We then moved on towards the other end of the lake to look for more waterfowl. We pulled into the main parking area for the park and decided to walk one of the trails there in hopes of finding swamp sparrows. Spring peepers were calling loudly from the marshes, red-winged blackbirds were singing, and a pair of horned grebes were swimming in the more open water. The first part of the trail we walked ran along side a marshy area. As we got closer to the marsh, the sound of the spring peepers got louder and louder to the point of almost being deafening. However, over the noise of the harbingers of spring, I could just make out the song of a swamp sparrow. I managed to locate it (singing from atop a cattail) and got great looks at this beautiful sparrow. The trail itself was very scenic. It wounds its way through beautiful deciduous forest interspersed with pine stands. Golden-crowned kinglets could be heard calling amid the pine boughs and song sparrows moved and foraged in the brush. As the trail looped back around and passed the marsh again I heard a female wood duck call but could not locate it.
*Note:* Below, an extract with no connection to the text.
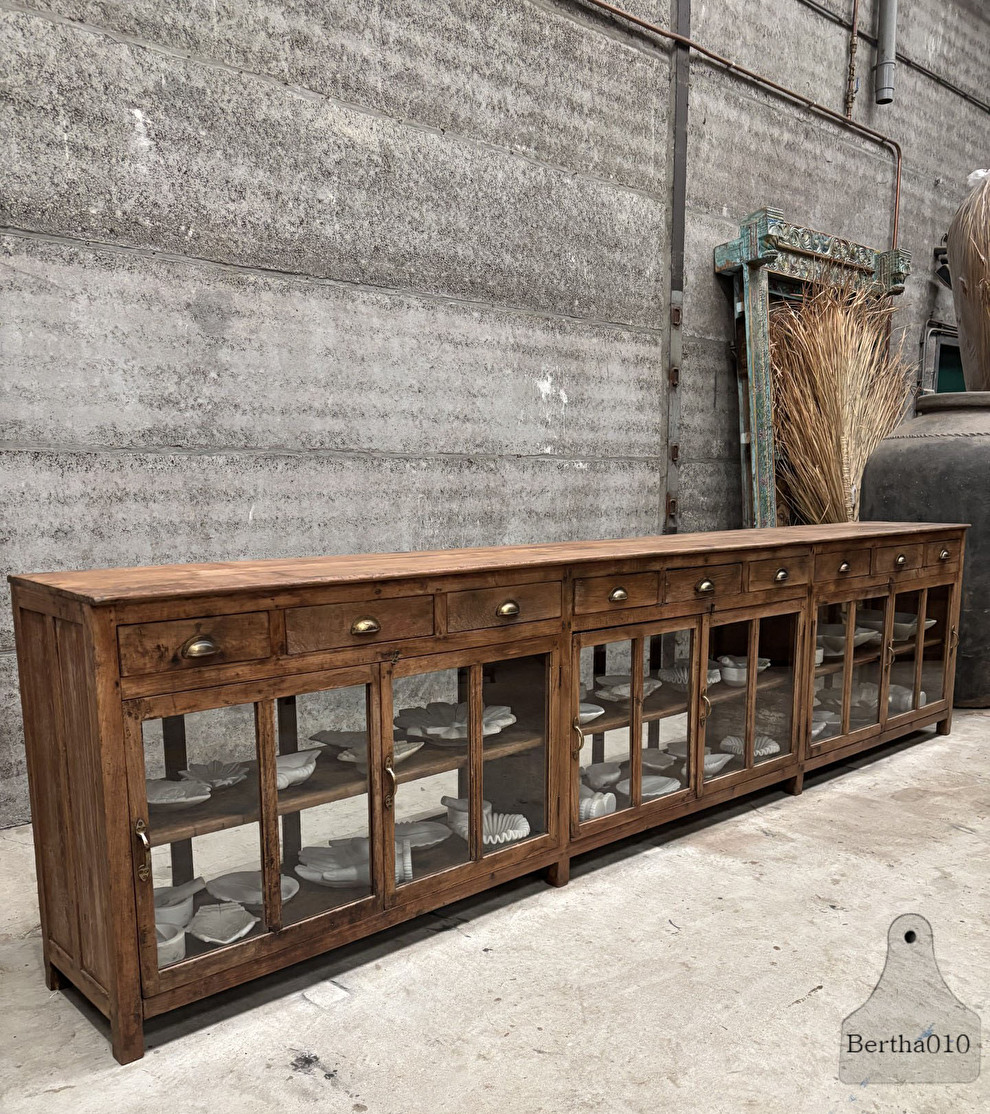 Oude jaren 20 toonbank, museumvitrine, keukeneiland 147781a verkochtOud houten keukeneiland losstaand antiek houten keukeneiland met glas houten dressoir antieke vitrine antieke glazen dressoir vintage meubels antieke meubels

Returning to the car, we headed out of the park to buy some food at a nearby gas station. After buying enough calories to get us through the test of the day (salt and vinegar chips and a root beer) we headed back into the park. Our next stop was to be the waterfowl observation area. This is a observation deck that looks out onto a sheltered bay with a marshy are around the edges. It usually holds good numbers of dabbling ducks with generally smaller numbers of diving ducks. Today was no exception. As we walked out onto the deck, a flock of ten wood ducks burst up off the water and flew off to areas unknown. Scoping the water revealed around nine hooded mergansers, a small ground of Scaup, a Bufflehead, a pair of ring-necked ducks, some mallards, some Canada geese, and a park of green-winged teal. There were also three Bonaparte’s gulls overhead. Although I would have liked to stay longer, the wind forced us back to the car. The then headed towards what was to be our last stop of the day.
On the way there we stopped at yet another boat launch where we found a pied-billed grebe and a pair of gadwall. Then we continued to the last spot. This last spot was a place that my dad and I discovered when we got lost the first time we came to Moraine. It is a wooded section along the lake where to reach the lake you have to hike through the woods a bit. However, it is well worth it as it has produced some good birds in the past. Today was no exception with a raft of redheads being the highlight.
All in all it was a spectacular trip which really highlighted the best of early April and of Moraine State Park.